School food programs operate on thin margins, so any decline in paid participation is significant. “The key here is volume,” says Dayle Hayes, a registered dietitian and former board member of the American Dietetic Association, who runs the website School Meals That Rock. “Like any other kind of food service, the greater the participation, the more kids who eat with you, the better you are able to do.”
Forced by the USDA to serve healthy fare and squeezed by a dip in customers, nutrition services now have to protect their bottom lines by taking on the thankless job at which millions of parents have failed: persuading children to eat their vegetables. Some are imitating private-sector business strategies for boosting demand. “Marketing and merchandising are everything in our program,” says Provo’s McComb. Children get free samples and stickers for trying healthy new fare. Concannon is optimistic. “I think we can train the palates of kids,” he says.

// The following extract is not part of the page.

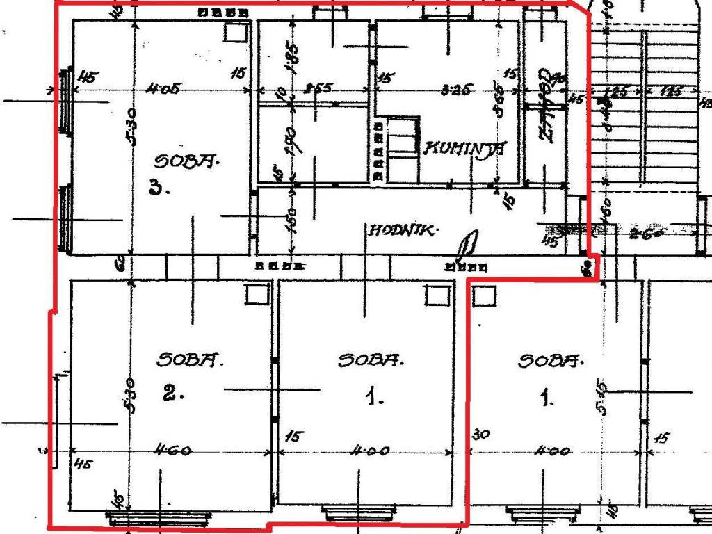 Stanu pripadaju dvije šupe u podrumu, svaka po cca 4m2, te suvlasništvo tavana cca 20m2.

He may be right. A University of North Carolina study found that in 65 percent of FoodCorps classrooms, where students are planting gardens and tasting arugula, children improved their attitudes toward trying new fruits and vegetables. But the human desire for sugary, salty, and fatty fare won’t evolve away overnight. Schools, alas, must work with the children they have. As Hayes says, “It’s only nutrition if they eat or drink it. You can plan something absolutely perfect and wonderful—but if they don’t eat it, it’s not nutritious.” Tossing healthy fare into the compost bin might be good for the school garden, but it’s not what those hoping to change childhood obesity rates have in mind.